第52話 最終章 死地のその先18
人物紹介
モンゴル側
チンギス・カン:モンゴル帝国の君主
ジョチ:チンギスと正妻ボルテの間の長子。
チャアダイ:同上の第2子
オゴデイ:同上の第3子
トゥルイ:同上の第4子。
人物紹介終わり
前話にて、『この総大将任命は、オゴデイのモンゴル帝国2代皇帝への足がかりとなる』とした。
チンギスの死を受けての第2代皇帝選出に際し、ジョチは既に亡く、ライバルは末子のトゥルイであり、兄のチャアダイはオゴデイを推した。
大局的には、2対1となり、多勢となったことが、オゴデイの勝利の最大の要因と想える。(ジョチ家は子のバトゥが継ぐが、世代が1つ下なので発言力は叔父たちには全く及ばない)
ただ、全会一致が皇帝選出の条件である以上、オゴデイを推す論拠――その功績と言っても良い――として何かが示されたはずである。そして諸史料を見比べるとき、冒頭に述べたことがうかがえるのである。
まず、モンゴル史料たる『秘史』はジョチとチャアダイの争いは全く伝えず、ただオゴデイ任命のみを伝える。
漢籍の『親征録』――『秘史』とは別のモンゴル史料に基づくとされ、ラシードもまたこちらの方のモンゴル史料に基づくとされる――はチャアダイの参戦を伝えぬが、やはりオゴデイ任命としており、更に同時期にトゥルイはかなり離れたホラーサーンへ遠征しておったと伝える。
ラシードがその西征の記事にて主要な典拠の一つとするジュワイニーもまたこの時のトゥルイのホラーサーン遠征を伝える。
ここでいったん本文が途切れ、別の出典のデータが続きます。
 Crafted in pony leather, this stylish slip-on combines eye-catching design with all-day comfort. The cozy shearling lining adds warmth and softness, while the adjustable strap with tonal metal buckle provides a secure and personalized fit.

これらを知ってなお、ラシードはその書の中の『チンギス・カンの歴史』のところにおいて、その争いを詳しく伝える一方で、史実と異なりトゥルイが大将に任命され、ウルゲンチへと自ら赴き、見事これを平定したと伝える。
ゆえにこれはたまたま誤ったというものではありえず、故意の
更に決定的な証拠をラシード自身が提供する。ラシードの書の別のところ『ジョチ・カンの歴史』にてやはりジョチとチャアダイの争いを伝える一方で、こちらではオゴデイの任命を伝え、他史料と合致する。
ラシードは単に歴史家というに留まらず、イル・カン国の第七代ガザン・カンと第八代オルジェイト・カンに仕え、この書を献呈した。この2人はトゥルイの三男フラグの曾孫である。
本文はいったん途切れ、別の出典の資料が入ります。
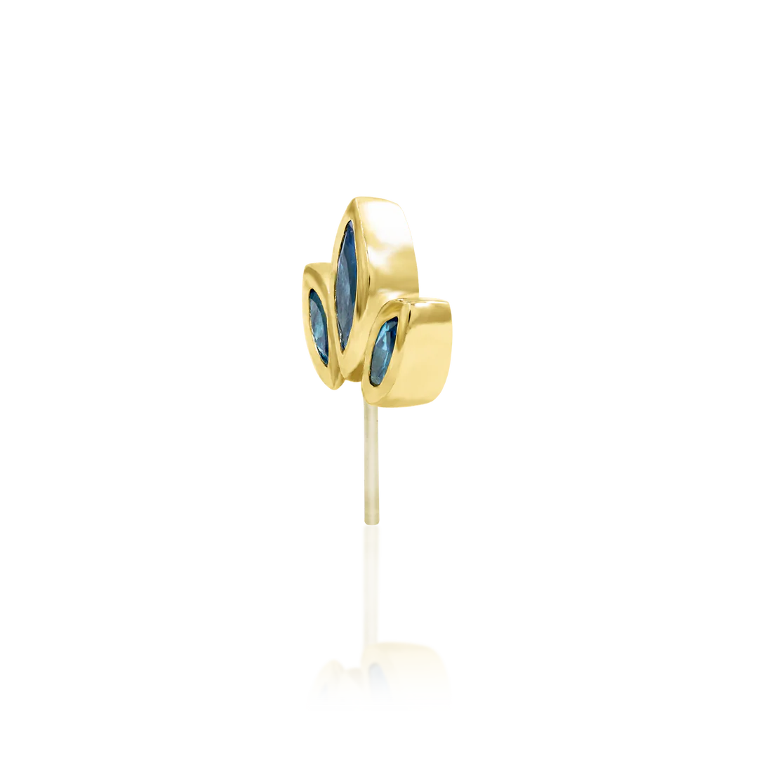Part of Junipurr's side set collection. A classic trio of light sapphire CZs (4x2mm, 3x1.5mm x2) side set on a gorgeous high polish 14k gold bezel.

これほどに時を経て、なお改竄するのはなぜか? 裏を返せば、このウルゲンチ戦にての総大将任命が、よほどの重要事であったことをほのめかしているのではないか? そして、その改竄をなしたのが、皇帝位を争ったトゥルイの子孫によりなされていることは、この総大将任命がオゴデイの2代皇帝としてふさわしいものであるとの論拠として示されたことをほのめかしているのではないか?
それ以外に、改竄をする理由が無いように私には想えるのだが、皆様はどのように想われるだろうか?